Teff Pitta Breads

These pittas are rich and dark. Teff gives the crumb a sourdough density and tang, and lends the crust a chew. Pecan meal lends it a shortness and opens up the texture to produce a bread that is rich, satisfying and great with both cheese and pickle or creamy butter and honey. Brazilnut meal is also fantastic here, producing a creamier taste - if you're not too keen on pecans. If you can't eat nuts - I guess you'd want to try my sweet potato pittas instead.

I was eating the last of this batch yesterday for an afternoon snack, toasted and split, smeared with butter and honey. As I leant over my book with half a pitta in my other hand, Fin swooped in like a baby seagull and snatched it clean away. Chomp, chomp, chomp and my snack was gone. 'Mmm mmm! That was good! Can you make me one?' said Fin innocently. I went to the 'how do I feel?' chart and chose; 'frustrated'. Opened the fridge and scrubbed a carrot....

Teff Pitta Breads (Gluten Free - makes 7-8)

I used fast action yeast for these as it's what I had - it's the kind you use in bread machines. If you have another kind then just use the equivalent and take the water needed to froth it from the allowance given in the recipe. Fresh yeast can just be crumbled in to the mix.

If you keep your flours in the freezer or fridge and want to follow option two, warm them up before starting or leave for a couple of hours at room temp.

Dry ingredients
4 oz white teff flour
4 oz pecan meal (or ground almonds or pecans)
1 oz millet flour (or brown rice flour)
1 oz tapioca starch (or arrowroot or cornflour)
2 oz sorghum flour (or millet or brown rice flour)
1 tsp fast action yeast or 10g (walnut sized lump) of fresh yeast
1 tsp sea salt
25g crushed/ground flax seeds

Wet ingredients
1 tsp lime or lemon juice
2 tbs olive oil, melted coconut oil or melted butter
2 tbs date syrup (or 1-2 tsp molasses) - optional
160ml (2/3 cup) warm water
1 large free range egg

You can start this recipe 12-24 hours before you plan to make the breads by following option one below. This extra time allows the anti nutrients and enzyme inhibitors naturally present in grains and nuts to be partially removed from the mixture and gives a better rise and fluffier bread!

Option one (24 hours before) Put all the flours, nut meal, flax seeds, lime or lemon juice, salt and warm water in a large mixing bowl and put in a warmish place for 12-24 hours.

When you are ready to bake, add all the other ingredients and skip to stage 2.
Option two (instant, but less digestible bread) Sift all the dry ingredients together into a large mixing bowl.
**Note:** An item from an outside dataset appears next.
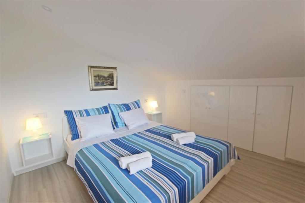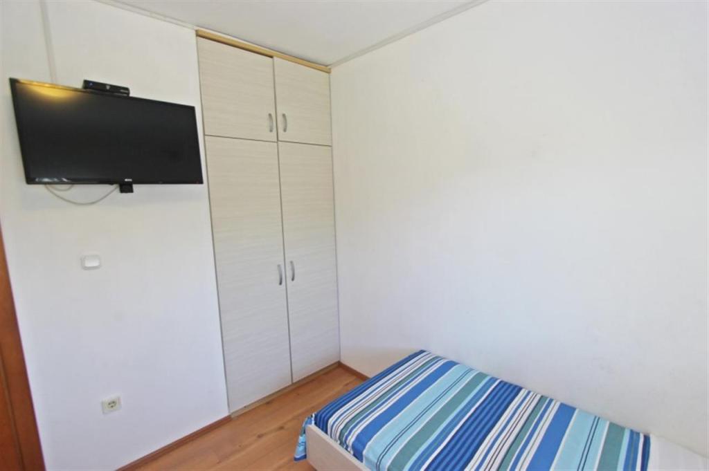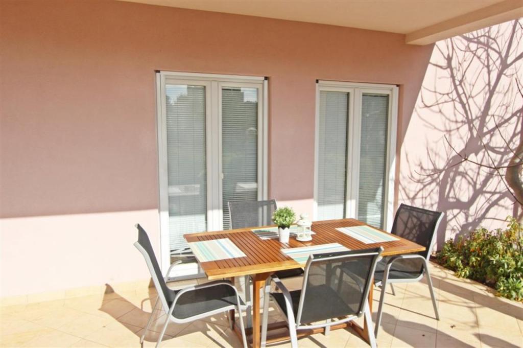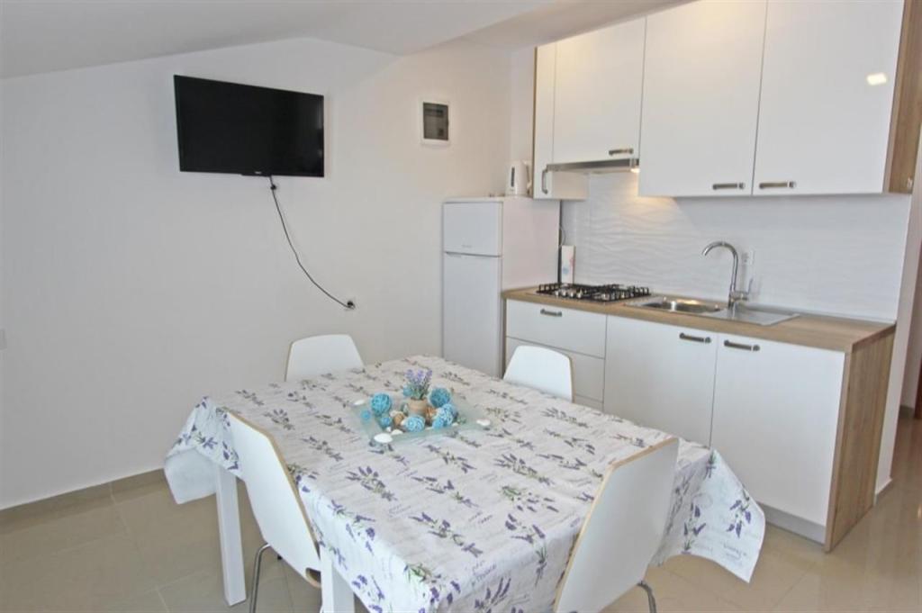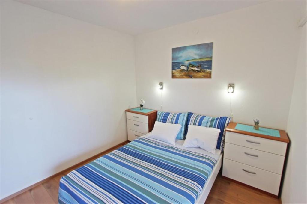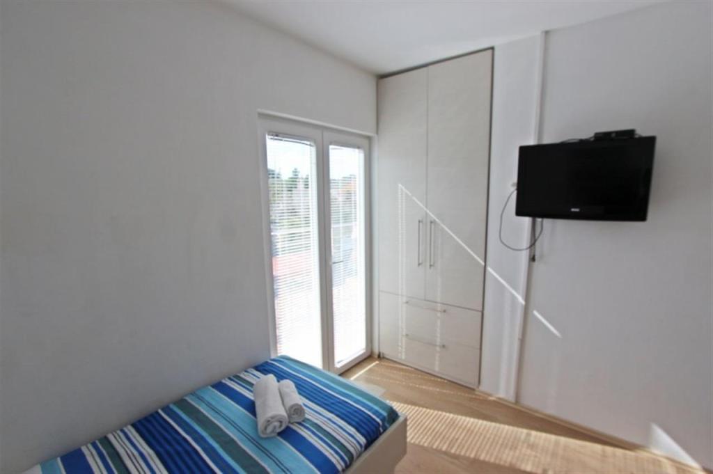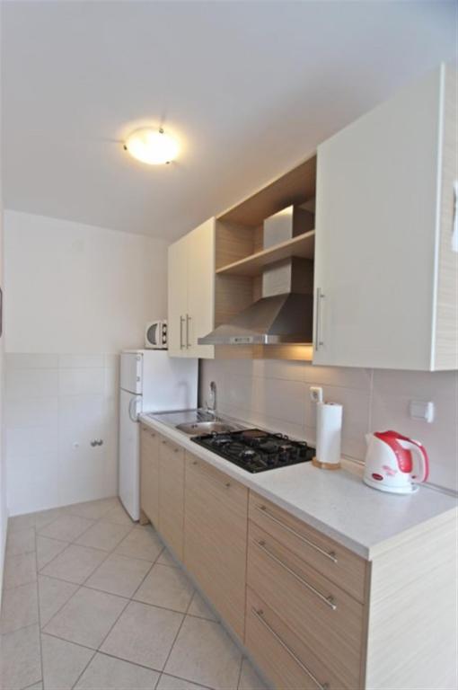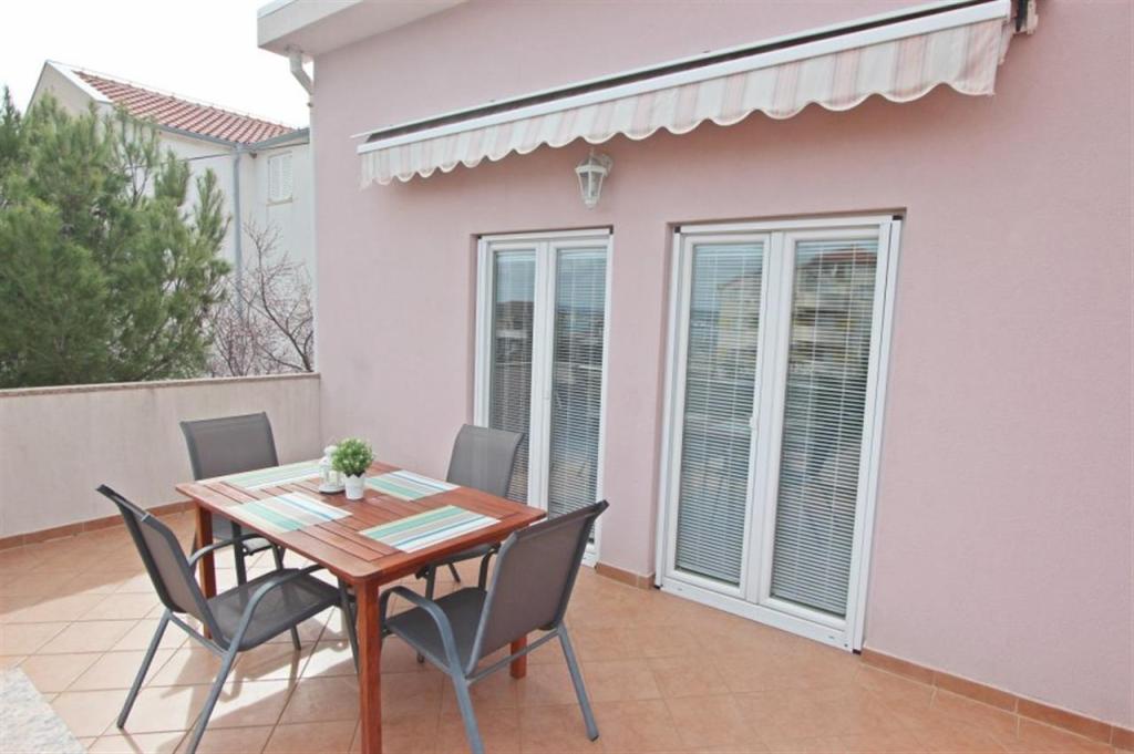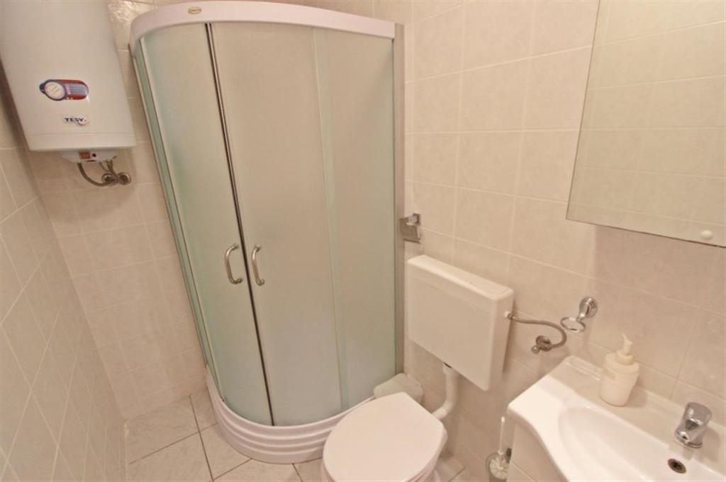 Lejligheder til fire personer 2 + 2 eller studielejligheder 2 + 1. De består af et soveværelse (en dobbeltseng) og et værelse med to enkeltsenge (mål 200x90) eller et soveværelse og en seng i stuen, mens studielejlighederne består af en dobbeltseng med ekstra seng, køkken, badeværelse og stor terrasse (15m2 / 18m2). I stueetagen er der også et værelse med en vaskemaskine, som gæsterne kan bruge. Lejlighederne er udstyret med TV og aircondition, wi-fi, mikroovn og køleskab med fryser. Foran lejligheden har vi en udendørs grill, som gæsterne kan bruge til enhver tid. Parkering er tilvejebragt og placeret i gården. Afstanden til den første strand og butikker er 250 m, mens centrum er 1 km væk

Beat all the wet ingredients together and beat into the dry ones until smooth If using fresh yeast, just crumble in. It will be unmanageably sticky at this point - fear not!

Stage 2: Leave to rest in a warm place for an hour to let the yeast develop. After an hour, beat well with a wooden spoon - hard work! - to release the gasses from the yeast.

Stage 3: Oil a few trays ready for the pittas and flour your work surface with one of the flours above. Scoop off peices of dough about the size of a small satsuma, roll into a ball on the floured surface and roll into a flat oval using a floured rolling pin, or flatten between your palms into an oval and then pat into shape on the tray.

Put these onto the trays, not touching - but they don't rise much so you don't need to leave lots of space. Leave them to rise for at least an hour in a warm place - covered if you have drafts. When the surface looks like it has bubbles underneath it and they appear to have puffed up slightly, put a shallow tray of water in the bottom of the oven and turn to 200C.

Stage 4: When the oven reaches temperature, sprinkle the pittas and trays with warm water and bake straight way for 8-10 minutes, until puffed and starting to take a golden brown colour at the edges.

Cool on a rack and freeze any you don't eat that day. They are great toasted straight from the freezer, with some butter - just shut the door to keep out seagulls.